In CoDA there is the symmetric concept of the logratio geometry of the parts: logratios can be computed for each part pairwise across the samples (i.e., \(I(I-1)/2\) logratios), and their structure is related in the same way to that of the CLRs of the parts (Aitchison and Greenacre 2002; Greenacre 2021). There is more than one way to quantify the geometry of the parts in the chiPower approach. One way is to simply transpose the data matrix and apply the chiPower transformation as before, in other words chiPower the columns (parts). Another way, which is adopted here, is to use the geometry of the column principal coordinates in the PCA of the chiPowered data. This defines a distance geometry on the parts which is equivalent to the covariance structure of the transformed parts (Greenacre et al. 2022). For unsupervised learning, this chiPower geometry of the transformed compositional parts in many different random subcompositions will be compared to the chiPower geometry of the same parts, transformed in the same way, in the full compositional data matrix, again using the Procrustes correlation. So this is a similar measure as the one of isometry between the sample geometries, but between the same parts in the subcomposition and the composition. In other words, the coherence check is being made by measuring the isometry between the subset of parts.

The algorithm for assessing the coherence can be summarized in the following steps.

  1. 1.

    Transform the compositional data matrix X using chiPower, for the power \(\lambda \) of interest, resulting in \(\textbf{Z}{\scriptstyle [\lambda ]}\)

  2. 2.

    Perform the PCA of \(\textbf{Z}{\scriptstyle [\lambda ]}\) using the SVD \(I^{-\frac{1}{2}}{} \textbf{Z}{\scriptstyle [\lambda ]} = \textbf{U D}_\phi \textbf{V}^\textsf{T}\) (see Supplementary Material Section S3).

  3. 3.

    The part geometry of all the parts is defined by the coordinates \(\textbf{G} = \textbf{V D}_\phi \).

  4. 4.

    For any subcomposition \(\textbf{X}_\text {s}\), perform the same chiPower transform to obtain \(\textbf{Z}_\text {s}{\scriptstyle [\lambda ]}\).

  5. 5.

    Perform the PCA on \(\textbf{Z}_\text {s}{\scriptstyle [\lambda ]}\) (steps 2. and 3.) and define the geometry of the subcompositional parts from the results of this PCA in the same way as before, i.e., coordinates \(\mathbf{G_\text {s}}\).

  6. 6.

    Compute the Procrustes correlation between \(\mathbf{G_\text {s}}\) and the subset of rows of \(\textbf{G}\) corresponding to the same subset of parts in the subcomposition.

The above is repeated for many subcompositions of different sizes.

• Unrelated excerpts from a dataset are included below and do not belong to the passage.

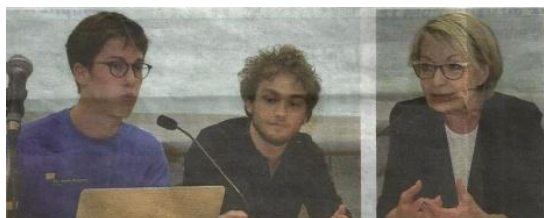
L'Eurodéputée F. Grossetête au Lycée Vaucanson avec 2 jeunes animateurs des Jeunes Européens Isère et du Parlement européen des Jeunes

une rencontre avec Françoise Grossetête :
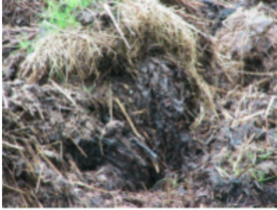
Fumier hétérogène

Les principaux amendements humifères épandables sur prairie sont le fumier et le compost de fumier. Les amendements à base de déjections animales ou végétales sont plus ou moins décomposés. Une analyse chimique en laboratoire (~30 à 50 €) est conseillée pour connaître la valeur agronomique du produit qui sera épandu.
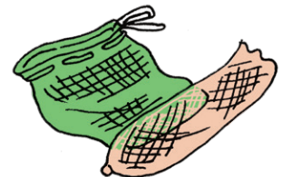
●野菜・果物のネット
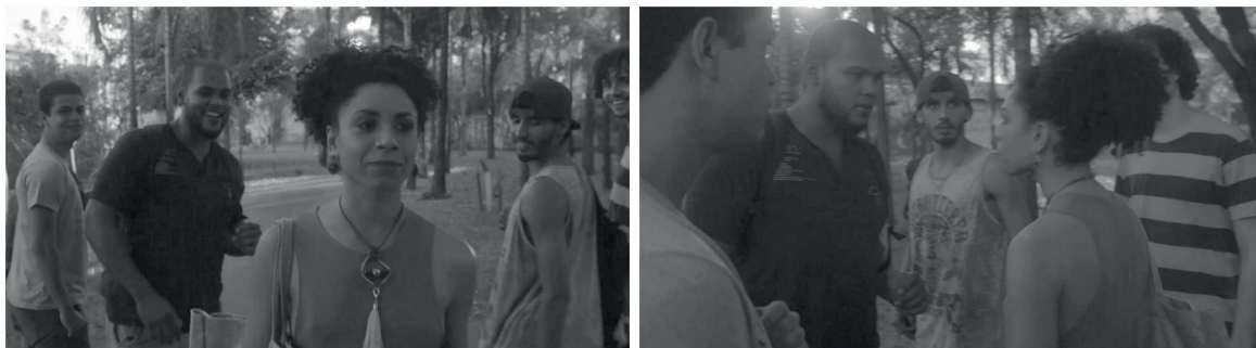
Figura 8 – A postura audaciosa de Olívia
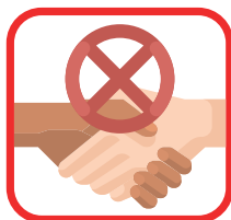
Schud geen handen
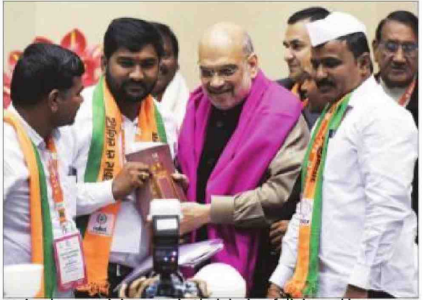
Union home minister Amit Shah being felicitated by farmers during the launch of a portal for them

In 2023, India imported close to 1.9 million tonne (MT) of tur and urad. The country's
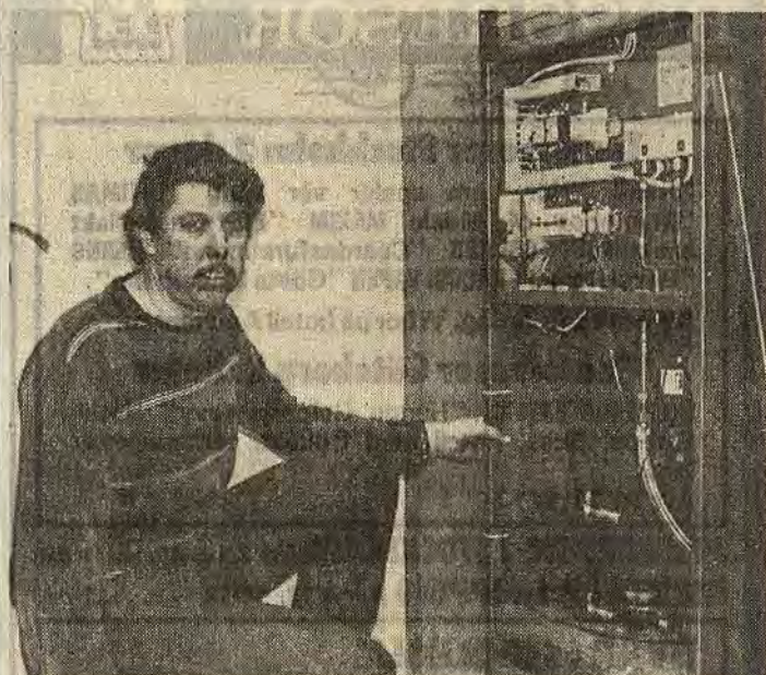
Nere i källaren, strax intill den gamla trotjänaren för olje- och vedeldning, står brunnsvärmesystemets hjärta. I aggregatet "mjölkas" det sjugradiga grundvattnet på två grader. Dessa går åt för att koka upp freonvätska till het gas som i sin tur värmer upp ledningsvattnet
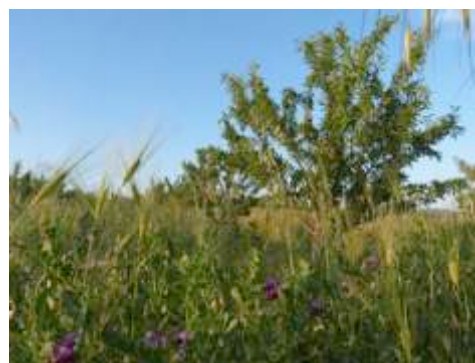
Engrais verts entre des amandiers à Mailhac
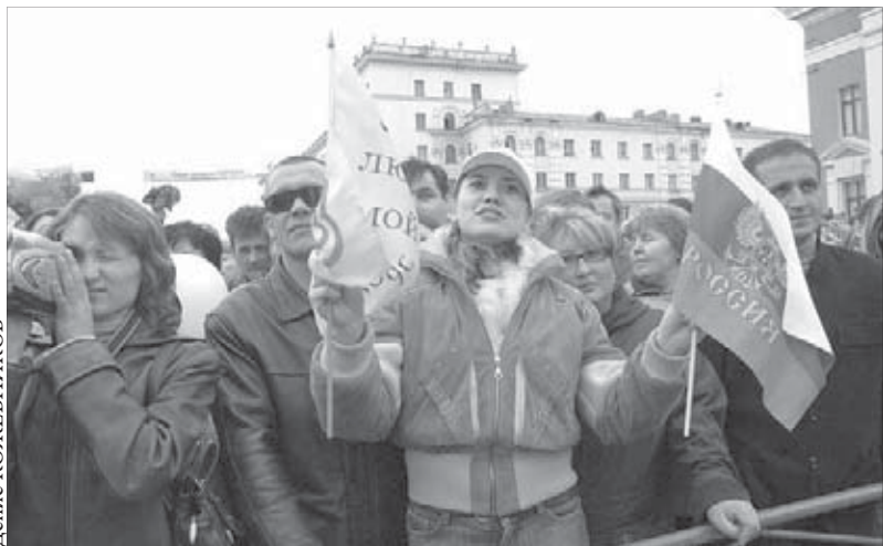
Праздник молодой, но значимый

В Талнахе в этот день пройдет праздничный концерт “Мой дом – моя Россия”. У входа в культурно-досуговый центр имени В.Высоцкого гостей встретят скоморохи, сфотографируют на память и проведут фотовыставку “Северные просторы”. В концертной программе примут участие ансамбль народной песни “Раздолье”, ансамбль народного танца “Оганер”, ансамбль “Акварин” и другие творческие коллективы. Приходите, будет весело!
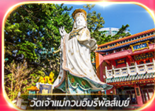
วัดเจ้าแม่กวนอิมรพาสันย่
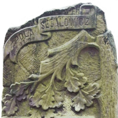
Złamane drzewo, Łódź, 1917; fot. A. Trzciński, 2016

DRZEWO – w aspekcie ideowym, symbolicznym obejmuje bardzo szeroki zakres motywów; w zasadzie wszystkie formy roślinne. W aspek-
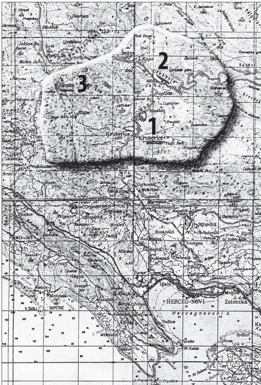
Географски положај Крушевица 1. Крушевице, 2. Врбањ, 3. Ситница
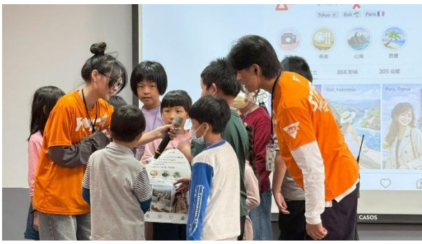
活動說明：YMCA 育樂營-健促宣導
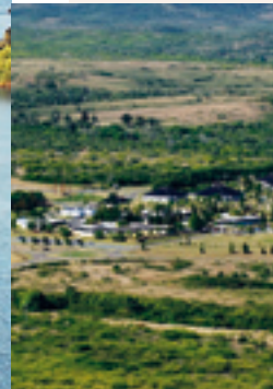
Le complexe des bâtiments administratifs de la Province Nord à Koné.

La Province Nord, la plus étendue (9 582,6 km 2 ) mais aussi la moins densément peuplée (45 137 habitants en 2009 soit 4,7 habitants/km 2 ), comprend un peu plus de la moitié nord de la Grande Terre ainsi que les îles Belep. Koné, son chef-lieu, est aussi la commune la plus peuplée. Ses habitants sont à 80 % kanak. Traversée du nord au sud par une chaîne montagneuse aux flancs raides et aux arêtes escarpées, la Province Nord offre deux visages bien distincts. Sur la côte ouest, sous le vent, de vastes plaines consacrées à l'élevage extensif de bovins et à quelques cultures maraîchères, s'étalent jusqu'au bord de mer. La côte est, zone plus humide à la végétation exubérante, est le domaine de l'agriculture vivrière encore rythmée par le cycle de l'igname et autres tubercules. Les forêts impénétrables des basses vallées laissent place en hauteur aux fougères arborescentes et aux pins colonnaires endémiques. La côte est perd des habitants, qui migrent vers Nouméa ou l'autre versant de la chaîne, où la construction d'une gigantesque usine métallurgique et des multiples infrastructures d'accompagnement procurent de nombreux emplois en même temps que des perspectives extraordinaires de développement.
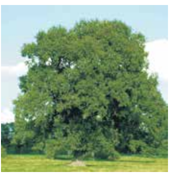
Große alte Bäume leisten viel für die Umwelt. Sie filtern die Luft, beeinflussen die Temperatur, binden Kohlendioxid und sind willkommene Schattenspendler.

ein paar Jahrzehnten im Garten oder im Park stehen, leisten bereits einen wichtigen Beitrag zur Erhaltung einer gesunden, lebenswerten Umwelt - der Erhalt ist vor diesem Hintergrund einer Neuanpflanzung vorzuziehen, wo immer dies möglich ist.

The previous approach by Greenacre (2009) to measure incoherence used a stress measure common in multidimensional scaling (Borg and Groenen 2010), applied to the distances between parts. This approach used a “worst-case scenario" of two-part subcompositions, which might be acceptable for small compositions but is too extreme and unrealistic for larger ones that are generally the case in practice. Here it is preferred to use a range of subcompositions in the range of 10–90% of the total number of parts, so that the lack of coherence can also be assessed for subcompositions of different sizes.

For supervised learning when compositions serve as predictors, this approach of comparing geometries of subsets of parts is no longer important, and coherence would rather be assessed by seeing how the model parameter estimates vary for the subcompositional parts compared to their compositional counterparts, all with the same chiPower transformation.

There are clearly very many possibilities to choose subsets of parts in order to create subcompositions and check for incoherence. Random subsets of parts can be selected, or it may be that subcompositions in particular applied contexts tend to include the more frequent parts more often than the less frequent ones. For example, in microbiome research, the more frequent bacteria would always be present across different studies, whereas they would vary in the rarer bacteria that they include. Similarly, in studies of fatty acid compositions, it is again the rarer fatty acids that might not appear in some studies, depending on the sophistication of the laboratory equipment used in the data collection.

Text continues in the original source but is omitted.